In cryptography, ciphertext or cyphertext is the result of encryption performed on plaintext using an algorithm, called a cipher. Ciphertext is also known as encrypted or encoded information because it contains a form of the original plaintext that is unreadable by a human or computer without the proper cipher to decrypt it. This process prevents the loss of sensitive information via hacking. Decryption, the inverse of encryption, is the process of turning ciphertext into readable plaintext. Ciphertext is not to be confused with codetext, because the latter is a result of a code, not a cipher.
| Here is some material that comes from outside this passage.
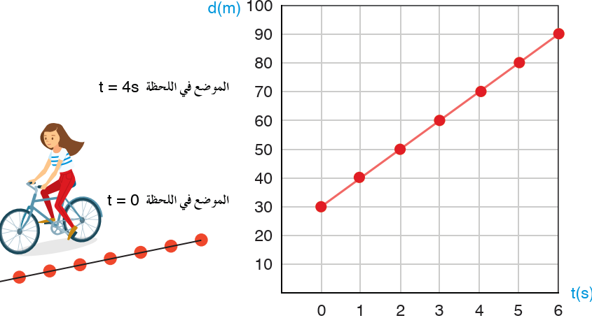 يمثل الخط البياني تغيّر المسافة المقطوعة d بدلالة الزمن t وهو خط مستقيم أي أن الحركة منتظمة.
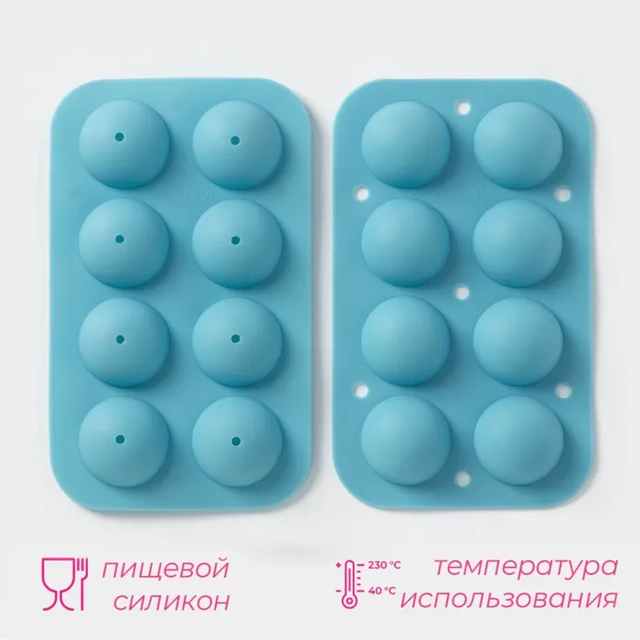 Форма для выпечки «Кейкпопс», силикон, 19.5×11.7×3.5 см, 8 ячеек, 2 части, с палочками, МИКС — Характеристики

== Conceptual underpinnings ==
Let $m\!$ be the plaintext message that Alice wants to secretly transmit to Bob and let $E_k\!$ be the encryption cipher, where $_k\!$ is a cryptographic key. Alice must first transform the plaintext into ciphertext, $c\!$, in order to securely send the message to Bob, as follows:

 $c = E_k(m). \!$

In a symmetric-key system, Bob knows Alice's encryption key. Once the message is encrypted, Alice can safely transmit it to Bob (assuming no one else knows the key). In order to read Alice's message, Bob must decrypt the ciphertext using ${E_k}^{-1}\!$ which is known as the decryption cipher, $D_k: \!$

 $D_k(c) = D_k(E_k(m)) = m.\!$

Alternatively, in a non-symmetric key system, everyone, not just Alice and Bob, knows the encryption key; but the decryption key cannot be inferred from the encryption key. Only Bob knows the decryption key $D_k,$ and decryption proceeds as

$D_k(c)=m.$

== Types of ciphers ==

The history of cryptography began thousands of years ago. Cryptography uses a variety of different types of encryption. Earlier algorithms were performed by hand and are substantially different from modern algorithms, which are generally executed by a machine.
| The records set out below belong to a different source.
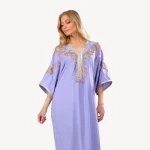Ornée de broderies artisanales et de perlage délicat, réalisés à la main par des artisans marocains, cette gandoura se distingue par son design sophistiqué et ses finitions minutieuses.
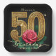 Elevate your milestone celebration with this stunning paper plate. Featuring an elaborate, ornate gold number "50" paired with a romantic single red rose against a dramatic black background, this design radiates sophistication and glamour. It is the perfect choice for a woman's 50th birthday party, adding a luxurious touch to your cake, appetizer, or buffet table. The typography features an elegant gold script that is easily updated with the guest of honor's name and the specific party date, making it a truly bespoke keepsake for a fabulous fiftieth celebration.
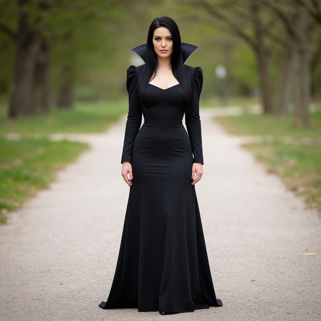 "Woman Draculaura Costume, woman in a black dress standing on a path"

=== Historical ciphers ===
Historical pen and paper ciphers used in the past are sometimes known as classical ciphers. They include:

- Substitution cipher: the units of plaintext are replaced with ciphertext (e.g., Caesar cipher and one-time pad)
  - Polyalphabetic substitution cipher: a substitution cipher using multiple substitution alphabets (e.g., Vigenère cipher and Enigma machine)
  - Polygraphic substitution cipher: the unit of substitution is a sequence of two or more letters rather than just one (e.g., Playfair cipher)
- Transposition cipher: the ciphertext is a permutation of the plaintext (e.g., rail fence cipher)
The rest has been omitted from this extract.